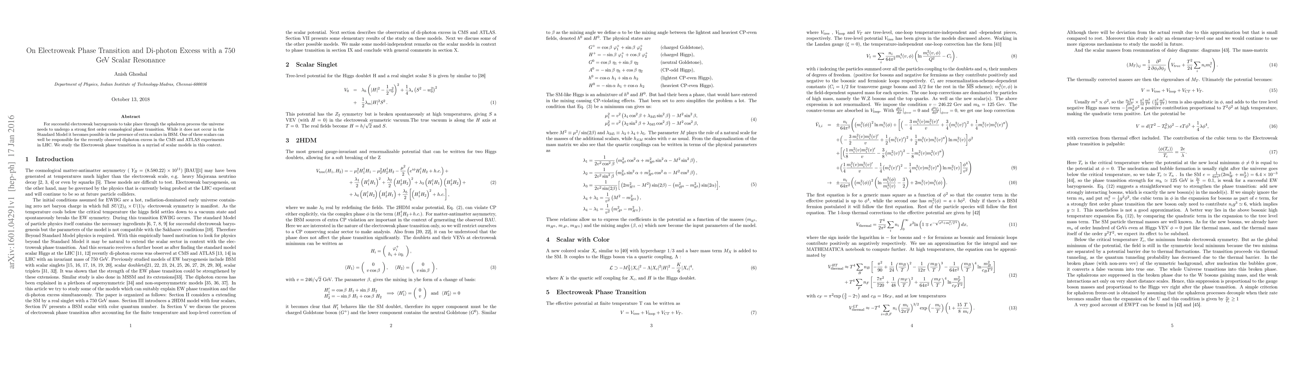 This paper investigates the potential for a strong first-order electroweak phase transition in the context of Beyond Standard Model (BSM) scalars, which could facilitate successful electroweak baryogenesis. It also explores the possibility that a 750 GeV scalar resonance could be responsible for the observed diphoton excess in LHC experiments.
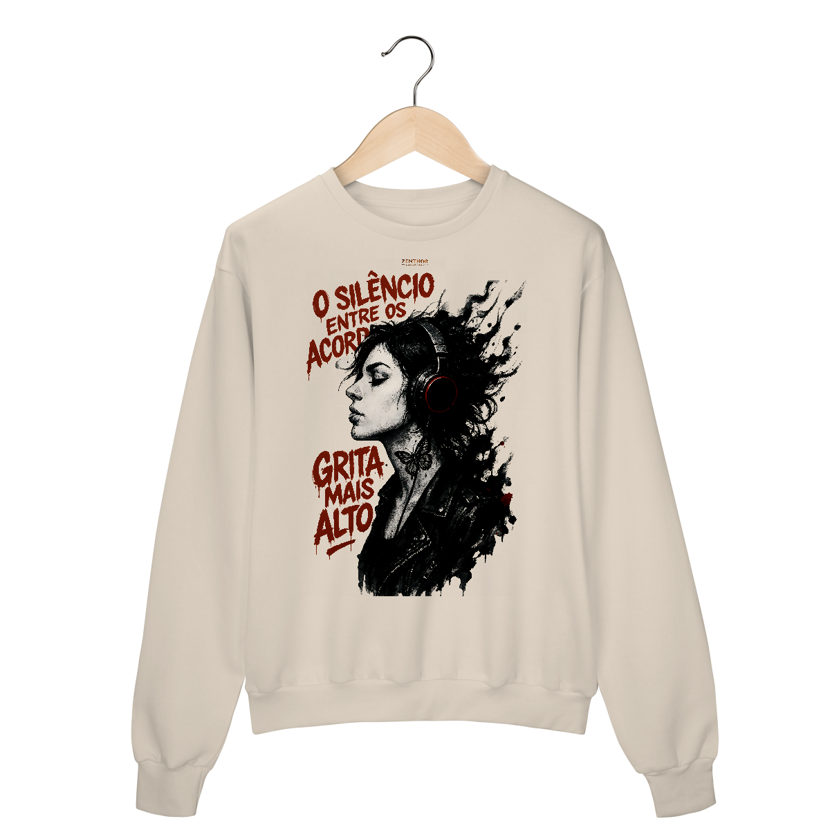 O moletom traz a ilustração intensa de uma mulher com fones de ouvido, totalmente imersa no som e no vazio entre as notas. Uma homenagem à pausa que antecede a explosão do próximo riff.
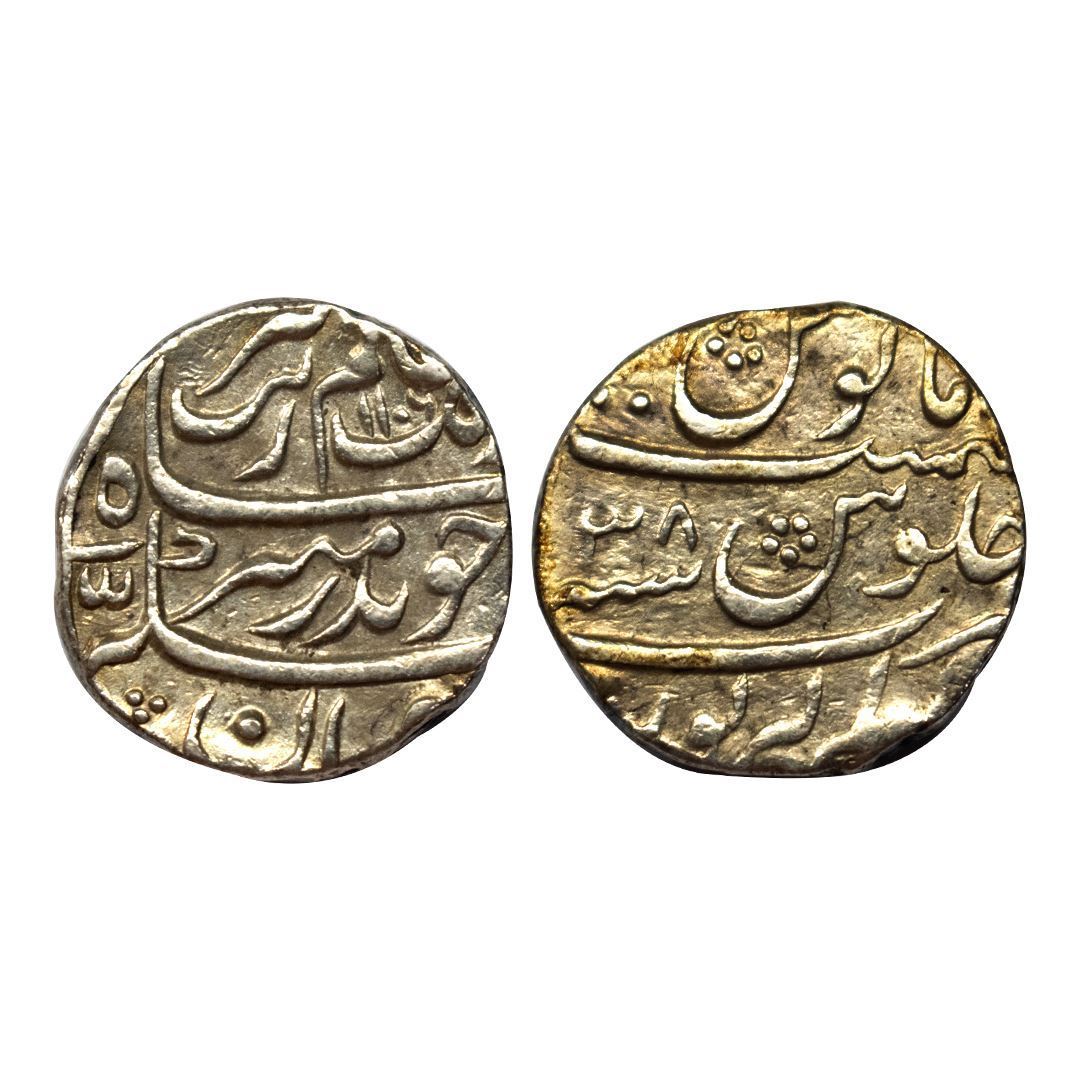 Aurangzeb, Rupee, Alamgirpur Mint, Silver, Badr Munir type. Complete Mint name in the bottom line on rev, AH 1106, RY 38. Test Marks, Very Fine, Rare.
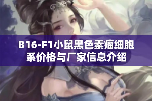 在医学和生物研究领域,细胞系的应用非常广泛,尤其是在肿瘤研究方面。B16-F1小鼠黑色素瘤细胞系就是其中一种重要的细胞模型,它源自黑色素瘤患者的实验小鼠,具有一定的原代细胞特性,广泛应用于癌症生物学、药物筛选以及免疫治疗的研究中。
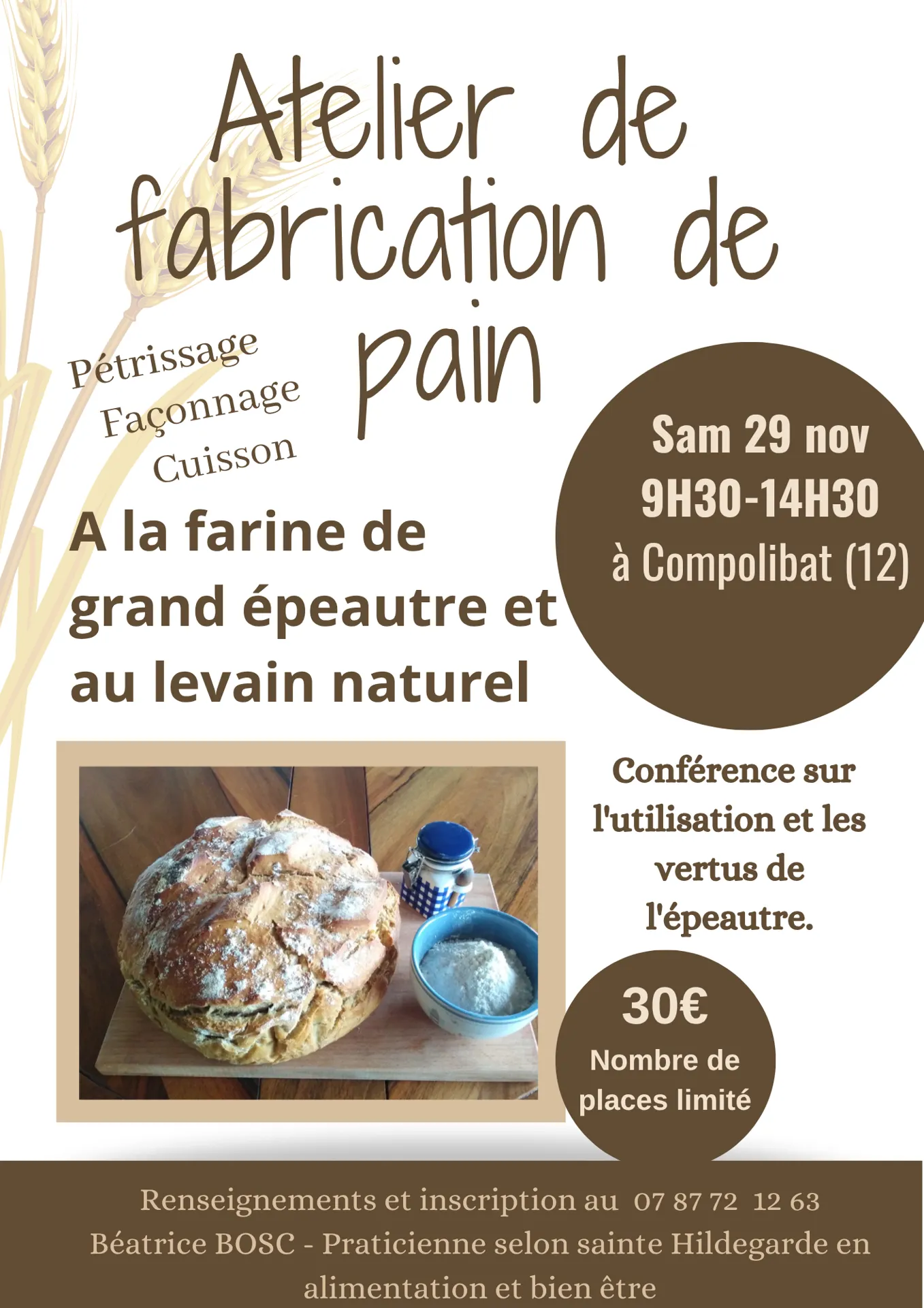 Atelier de fabrication avec Béatrice BOSC de pain, pétrissage, façonnage et cuisson ; à la farine épeautre et au levain naturel. Conférence sur l’utilisation et les vertus de l’épeautre. 30 euros, nombre de places limitées. Renseignements et inscriptions 07 87 72 12 63.
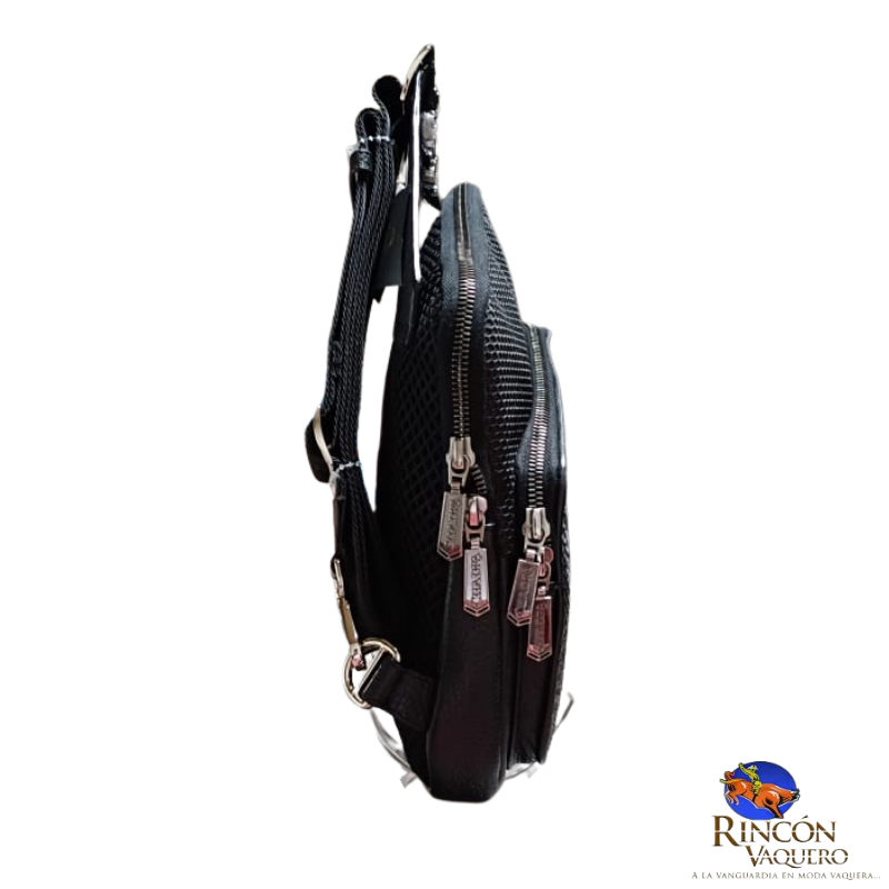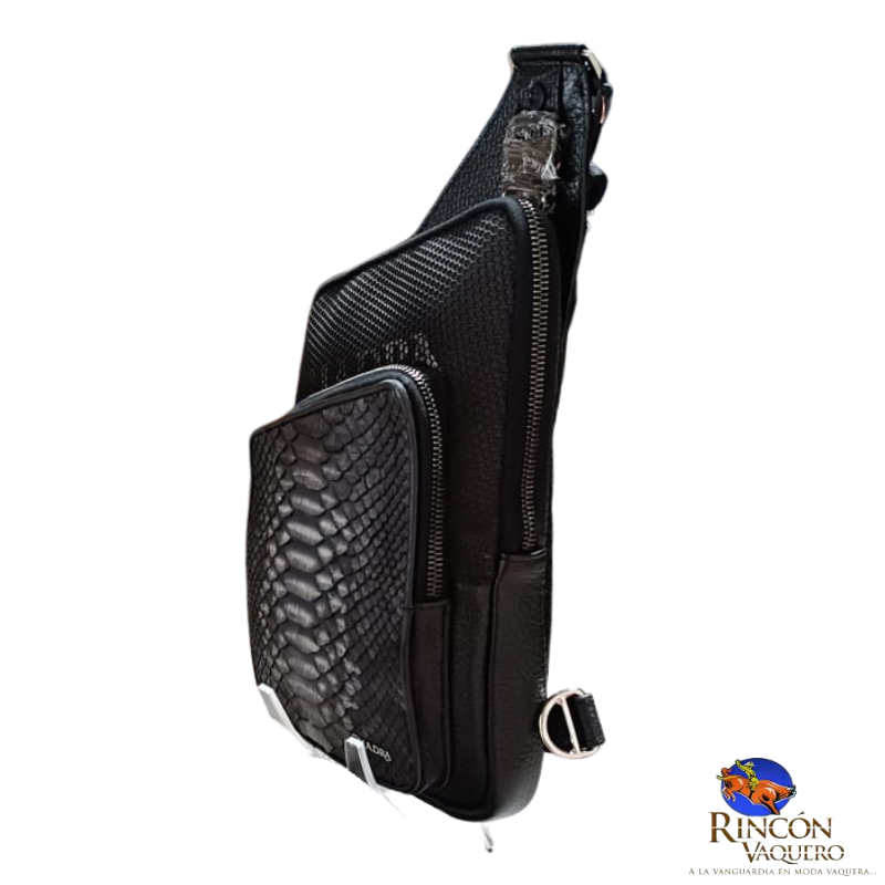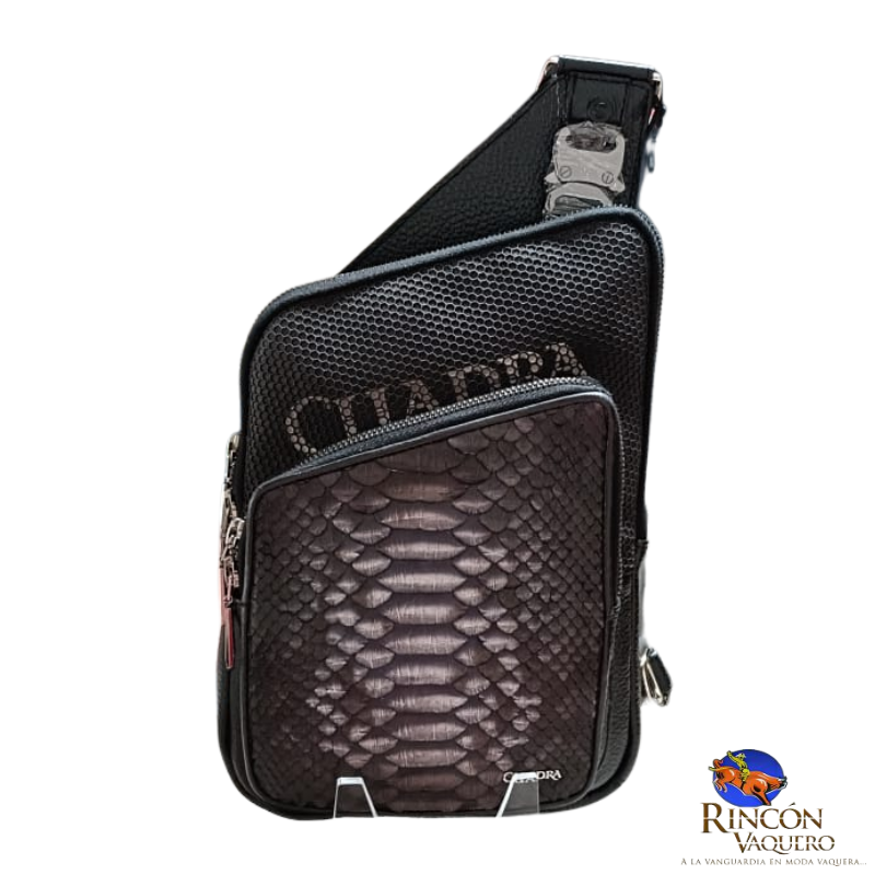 Bandolera para caballero en piel genuina de pitón y piel de bovino. Al frente presenta aplicación metálica del logotipo y logotipo Cuadra encapsulado bajo KPU micro inyectado en motivos geométricos. Cuenta con dos compartimentos asegurados con cierre, el compartimento de mayor tamaño cuenta con cuatro espacios para tarjetas. La parte trasera cuenta con malla textil transpirable y asa textil ajustable asegurada con broche.
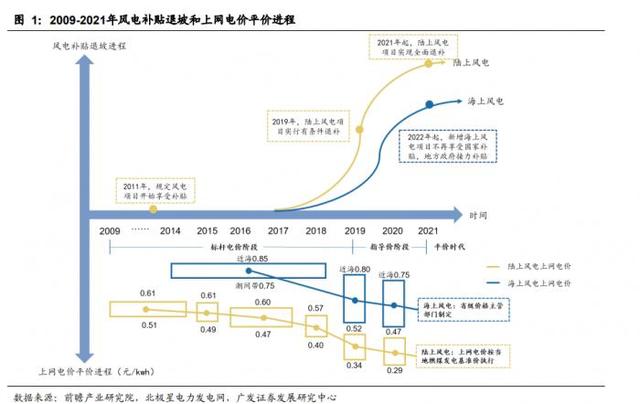 供给侧:自 2009 年开始,我国风光电价政策模式经历了“标杆电价-指导价-平价”的转型。2021 年是国内陆上风电行业的平价元年,新核准的陆上风电项目全面实现平价上网,国家不再补贴。海上风电也即将退补,大容量风机的不断推出是降本核心驱动力。根据金风科技的数据,今年9月3S机型风机的招标价格已经降至2410 元/kw,4S降至2326 元/kw,相比年初分别下降20.8%、22.2%。
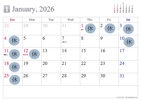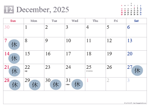 2025年12月27日(土)より2026年1月4日(日)までの間
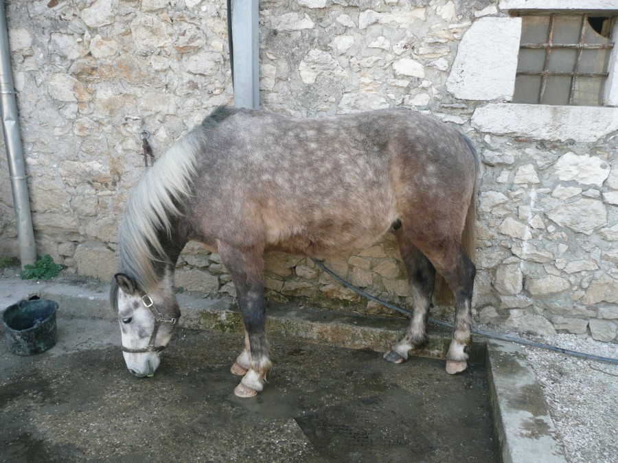 On me présente un 3 ans gris, tout mignon et bien fait, je l'aime déjà. Le père est connemara, la mère PFS x PS.

*****

* [WHAT THE TASK ASKS]: Pictures aside, write out verbatim every line from the first line of the material through the line holding "Bandolera para caballero".

* [TASK SOLUTION]:
 This paper investigates the potential for a strong first-order electroweak phase transition in the context of Beyond Standard Model (BSM) scalars, which could facilitate successful electroweak baryogenesis. It also explores the possibility that a 750 GeV scalar resonance could be responsible for the observed diphoton excess in LHC experiments.
 O moletom traz a ilustração intensa de uma mulher com fones de ouvido, totalmente imersa no som e no vazio entre as notas. Uma homenagem à pausa que antecede a explosão do próximo riff.
 Aurangzeb, Rupee, Alamgirpur Mint, Silver, Badr Munir type. Complete Mint name in the bottom line on rev, AH 1106, RY 38. Test Marks, Very Fine, Rare.
 在医学和生物研究领域,细胞系的应用非常广泛,尤其是在肿瘤研究方面。B16-F1小鼠黑色素瘤细胞系就是其中一种重要的细胞模型,它源自黑色素瘤患者的实验小鼠,具有一定的原代细胞特性,广泛应用于癌症生物学、药物筛选以及免疫治疗的研究中。
 Atelier de fabrication avec Béatrice BOSC de pain, pétrissage, façonnage et cuisson ; à la farine épeautre et au levain naturel. Conférence sur l’utilisation et les vertus de l’épeautre. 30 euros, nombre de places limitées. Renseignements et inscriptions 07 87 72 12 63.
 Bandolera para caballero en piel genuina de pitón y piel de bovino. Al frente presenta aplicación metálica del logotipo y logotipo Cuadra encapsulado bajo KPU micro inyectado en motivos geométricos. Cuenta con dos compartimentos asegurados con cierre, el compartimento de mayor tamaño cuenta con cuatro espacios para tarjetas. La parte trasera cuenta con malla textil transpirable y asa textil ajustable asegurada con broche.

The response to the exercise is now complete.